• DATASET SECTION:
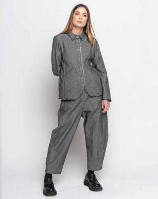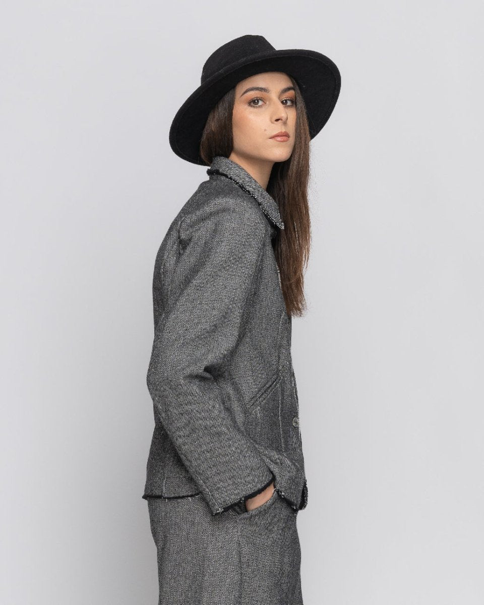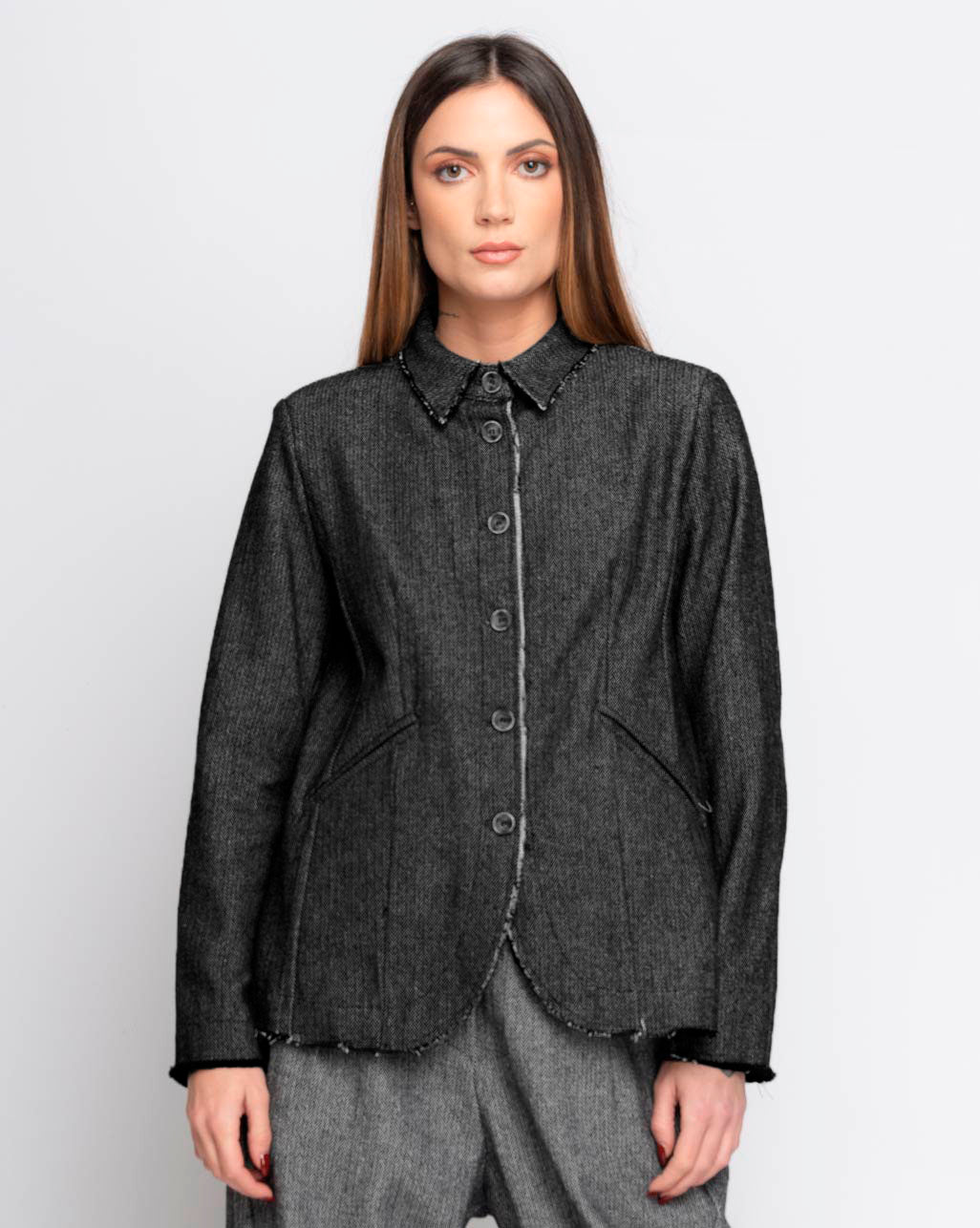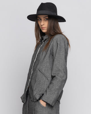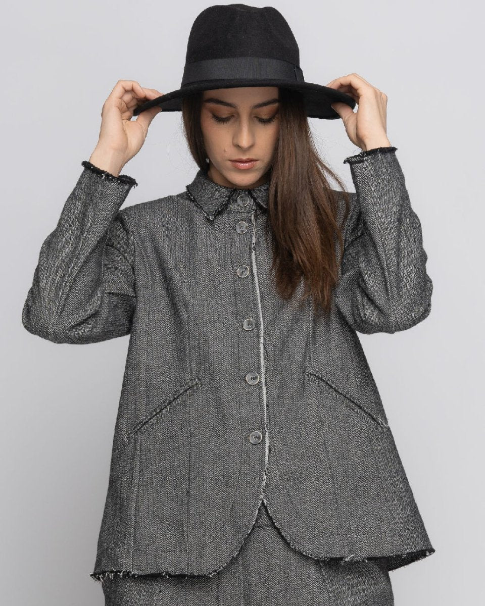 A sleek fit with a soft Herringbone fabric. Attention to detail in this light jacket is prevalent with raw edges. The back silhouette has a slight cinch in the waist giving a form pleasing look. The jacket worn by the model is a small, and the model is 5'8, with the hem hitting below her waist. The fit is loose around the bodice, and has a standard fitted sleeve.
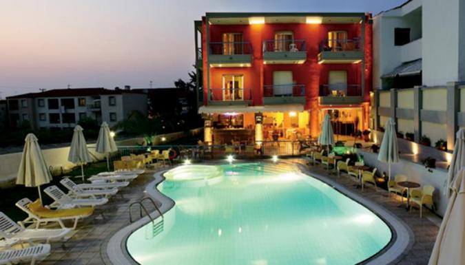 Отель построен на побережье одного из самых больших и популярных пляжей полуострова Халкидики. На территории гостиницы находятся кафе, бар, ресторан и открытый бассейн, прачечная, бар у бассейна.
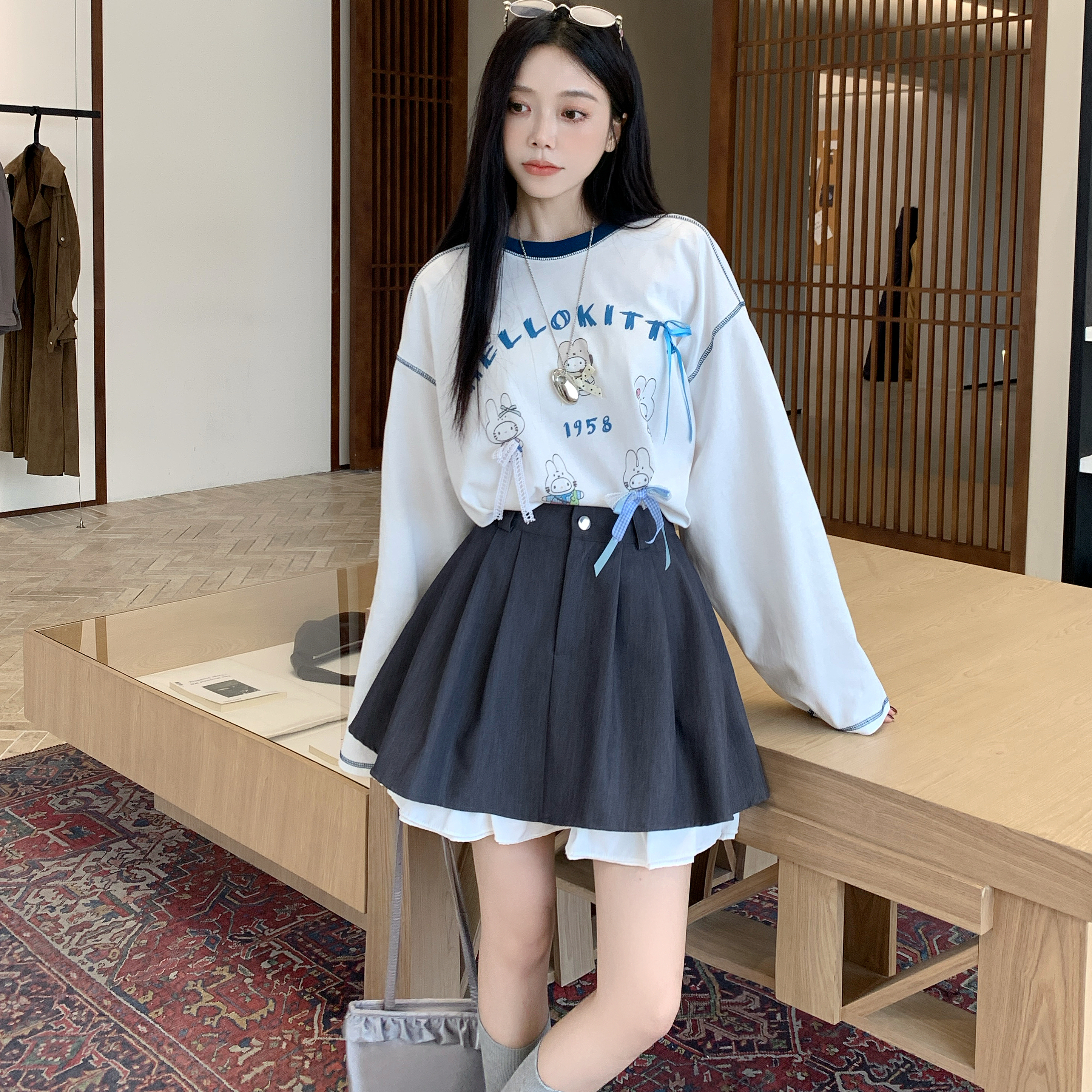 灰色百褶裙女秋季 高腰复古减龄短裙设计感学院风a字半身裙 大码
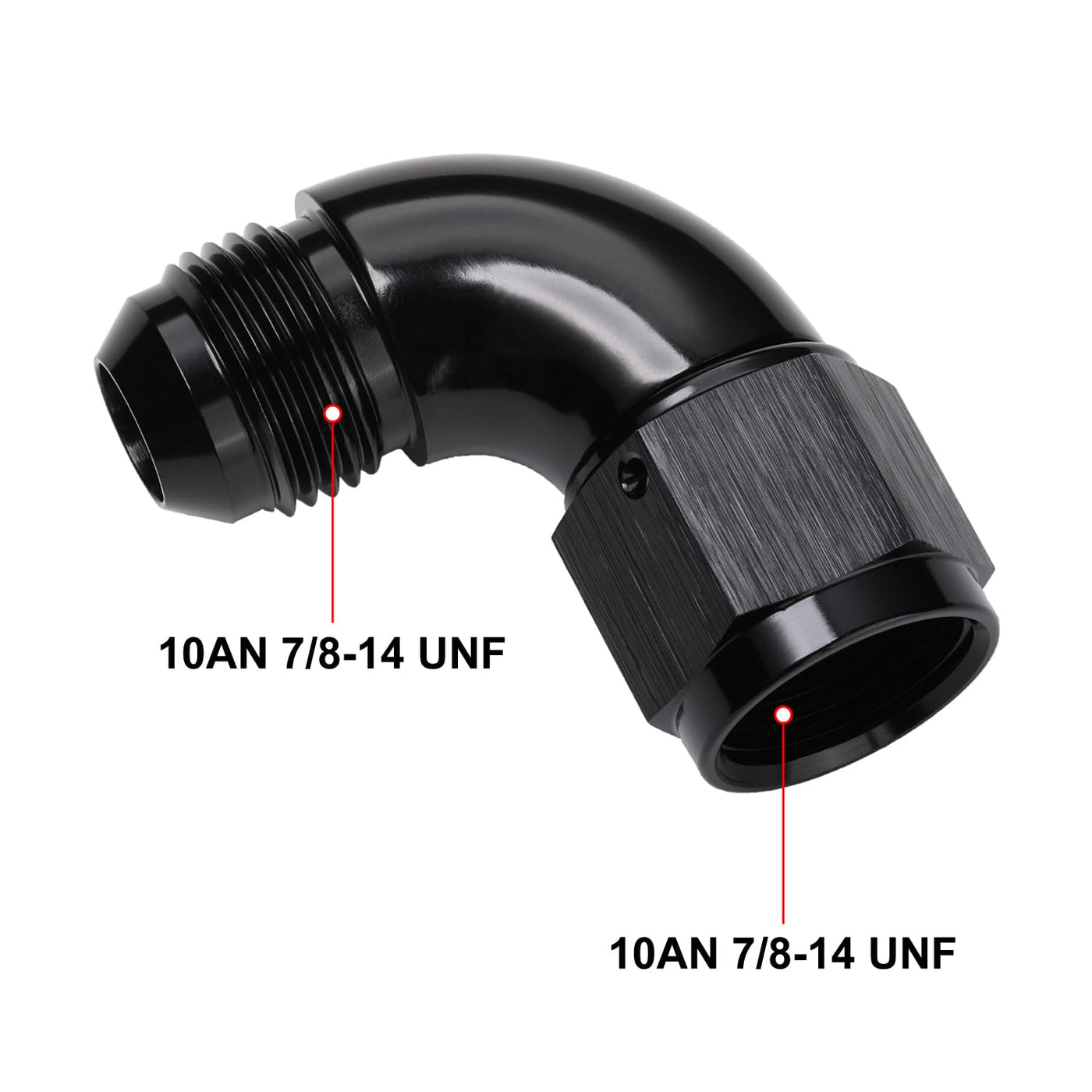 Podavelle 90 Degree 10An Male To 10An Female Swivel Full Flow Fitting Adapter Coupler Aluminum Black

• WORK INSTRUCTION: The listing above must be printed again exactly, minus its pictures.

• FINISHED TASK:
 A sleek fit with a soft Herringbone fabric. Attention to detail in this light jacket is prevalent with raw edges. The back silhouette has a slight cinch in the waist giving a form pleasing look. The jacket worn by the model is a small, and the model is 5'8, with the hem hitting below her waist. The fit is loose around the bodice, and has a standard fitted sleeve.
 Отель построен на побережье одного из самых больших и популярных пляжей полуострова Халкидики. На территории гостиницы находятся кафе, бар, ресторан и открытый бассейн, прачечная, бар у бассейна.
 灰色百褶裙女秋季 高腰复古减龄短裙设计感学院风a字半身裙 大码
 Podavelle 90 Degree 10An Male To 10An Female Swivel Full Flow Fitting Adapter Coupler Aluminum Black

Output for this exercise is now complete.